From the Circular issued by the CBDT, it is very clear that, in a case where cash deposit found in business cases, the Assessing Officer needs to verify the explanation offered by the assessee with regard to realization of debtors where said debtors were outstanding in the previous year or credited during the year etc. Therefore, from the Circular issued by the CBDT, it is very clear that, while making additions towards cash deposits in demonetized currency, the Assessing Officer needs to analyze the business model of the assessee, its books of account and analysis of sales etc. In this case, we have gone through the analysis furnished by the assessee in respect of total business receipts from pawn-broking, realization from debtors and cash deposits during financial year 2015-16 & 2016-17 and there is no significant change in cash deposits during demonetization period.

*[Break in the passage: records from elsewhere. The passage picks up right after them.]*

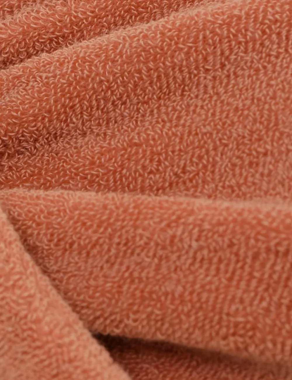 The Devi Terry Tie Bikini In Dusty Pink From Our Summer Swim 2023 Collection. A Cotton Terry Bandeau Bikini Featuring A Self Tie At Centre Front And Low Rise Pants With Self Ties At The Hips.
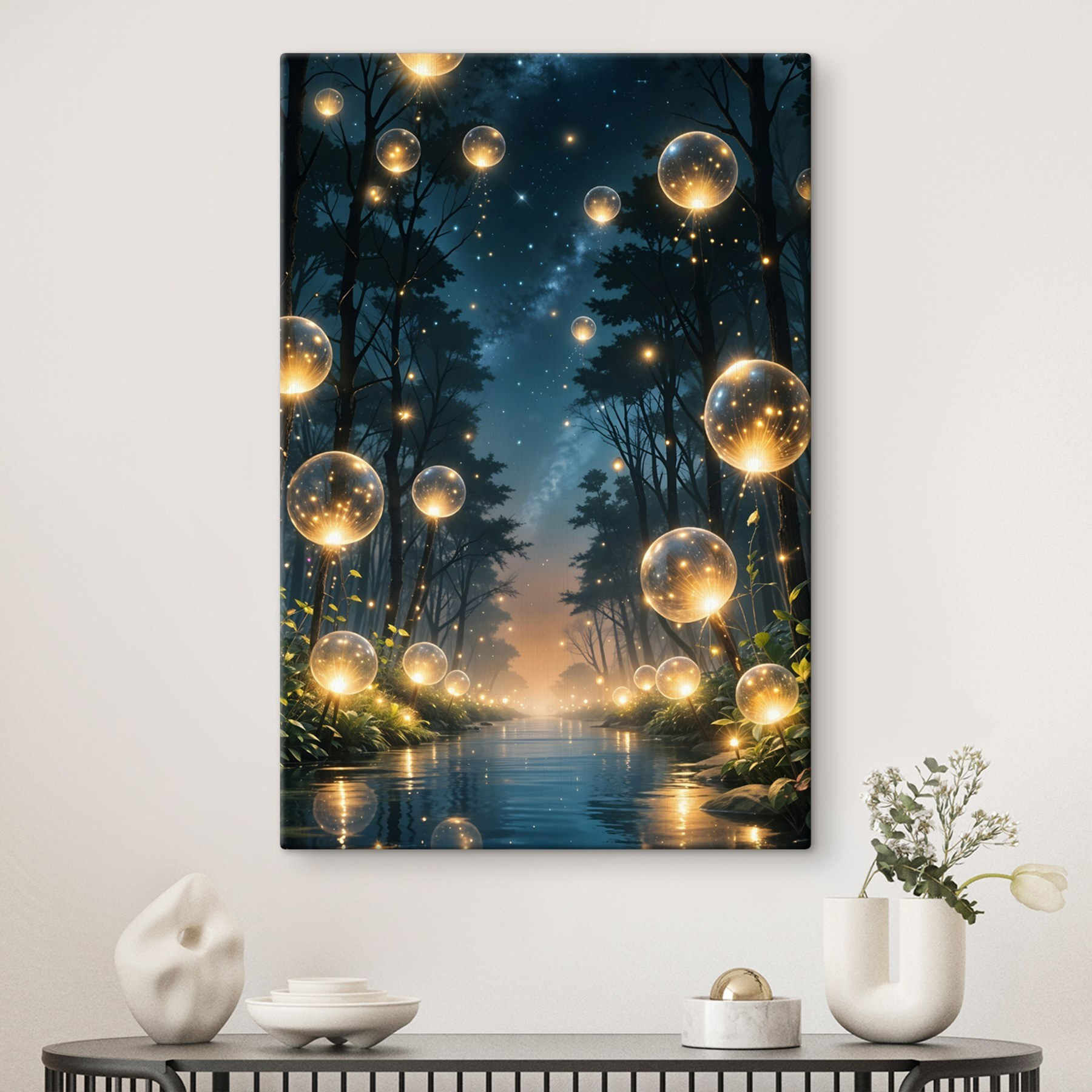 Treten Sie ein in eine Welt, in der leuchtende Seifenblasen zwischen den Bäumen tanzen und so eine wundersame Flucht ermöglichen. Dieser Leinwanddruck “Glowing Bubbles in a Forest” lädt Sie dazu ein, sich einen ruhigen Abendspaziergang vorzustellen, bei dem sich die leisen Geräusche der Natur mit dem sanften Leuchten um Sie herum vermischen. Es fühlt sich an wie ein Märchen, das sich direkt in Ihrem Wohnzimmer abspielt. Die Aquarelltöne umhüllen Sie mit Wärme und machen jeden Raum einladend. Perfekt für alle, die sich vom Charme der Natur verzaubern lassen oder einfach nur ein bisschen träumen wollen. Hängen Sie es auf und lassen Sie Ihre Wände sprechen – vielleicht fragen Sie Ihre Gäste sogar, ob es ein geheimes Portal ist!
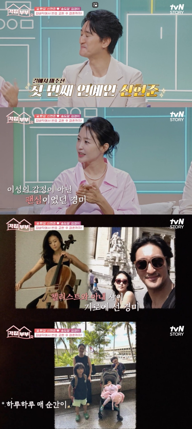 2일 방송된 tvN 스토리 ‘각집부부’에는 신현준과 첼리스트 아내 김경미의 이야기가 공개됐다. 두 사람은 추운 겨울날 길에서 우연히 마주치며 인연을 시작했다. 당시 김경미가 첼로에 사인을 요청했고, 신현준은 명함을 건네며 “놓치면 안 될 것 같다”는 마음으로 정성스레 사인과 날짜를 남겼다. 김경미는 “그 명함을 아직도 가지고 있다”며 “처음에는 팬심이었는데 점점 사랑으로 변했다”고 회상했다.

Therefore, we are of the considered view that when there is no significant change in cash deposits during demonetization period, then merely for the reason that the assessee has accepted specified bank notes in violation of circulation/notification issued by Government of India & RBI, the source explained for cash deposits can’t be countenanced.
It is noted that the assessee has given all the financials for the earlier years and subsequent years which doesn’t shows that deposits of SBNs when compared with earlier years was comparatively suspicious; and as noted supra, the assessee has explained the nature and source of SBNs deposited in the bank to the tune of Rs.27,46,600/- as his business income, which was his cash-in-hand a day prior to demonetization; and the assessee has paid the tax on the business/interest income from the borrowers/business; and it is noted that the stock-in-trade has moved out of assessee’s books of account; and the AO hasn’t found any infirmity in the books of accounts of the assessee and didn’t reject the books. When the sales has been reflected in the books of accounts and offered to tax, adding the same would amount to double taxation which is impermissible in law. The books are subjected to Tax Audit u/s 44AB and the assessee has maintained quantitative details of the stock-in trade. The cash sales proceeds have been credited in the books of accounts and the same form part of assessee’s cash book. Thus, the assessee having discharged the burden to prove the nature and source of cash/SBNs deposited during the demonetization period which was his business receipts from pawn- broking, therefore addition u/s 69 of the Act wasn’t warranted, unless, there was some material to hold otherwise, which AO/Ld CIT(A) failed to bring on record. Therefore, on the basis of facts discussed supra, and reasons cited supra, we set aside the impugned order of the Ld.CIT(A) and direct the deletion of addition of Rs.27,46,600/-.
In the result, appeal filed by the assessee is allowed.
Order pronounced on the 18th day of September, 2024, in Chennai.